What are Medicare Taxes?

What are Medicare Taxes?

If you've ever taken time to look at your earnings statement from a job, you've probably noticed some tax withholding. As part of its general payroll taxes, the federal government requires employers to collect tax under the Federal Insurance Contributions Act (FICA). The FICA fees include two separate fees. Social Security taxes cover Social Security benefits, and Medicare taxes are used to pay for Medicare hospital insurance that you receive when you are older. However, for this discussion, we'll take a closer look at what Medicare taxes are and how they benefit you. 

Medicare Taxes: the basics

Like Social Security benefits, the Medicare hospital insurance program is largely funded by payroll taxes. If you work "under the table," you will not be paying for these systems. This is why withholding tax, while it takes a portion of your take-home pay, offers something in exchange for missing dollars in your paycheck.

Medicare taxes began in 1966 at a modest rate of 0.7%. Employers and employees were responsible for paying 0.35% each.
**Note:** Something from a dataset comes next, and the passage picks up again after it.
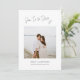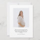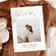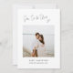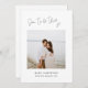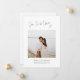 Cartão de anúncio de gravidez na moda e minimalista com texto escrito no topo que diz "em breve três" com coração. Você pode adicionar uma foto na frente e atrás.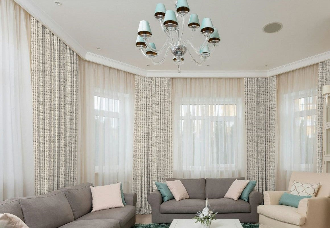 Curtain fullness refers to the relationship between the ordering width and the amount of fabric used in your curtains. The ordering width is the measurement of the area you want to cover, usually the width of your curtain rod (between the finials) or track. Fullness is a key aspect of curtain design, as it determines how the fabric will drape and gather when hung. Different heading styles require different fullness ratios, since some styles naturally use more fabric to achieve their intended look.

Employees paid their contributions when their employers deducted them from their wages. Since 1966, the Medicare tax has increased, although it is still lower than the Social Security tax. The social security tax for 2021 is 12.4%, and employees and employers each pay 6.2%.

Today, Medicare's tax rate is 2.9%. Employers and employees share this cost, each paying 1.45%. Unlike Social Security taxes, there is no limit on income subject to Medicare taxes.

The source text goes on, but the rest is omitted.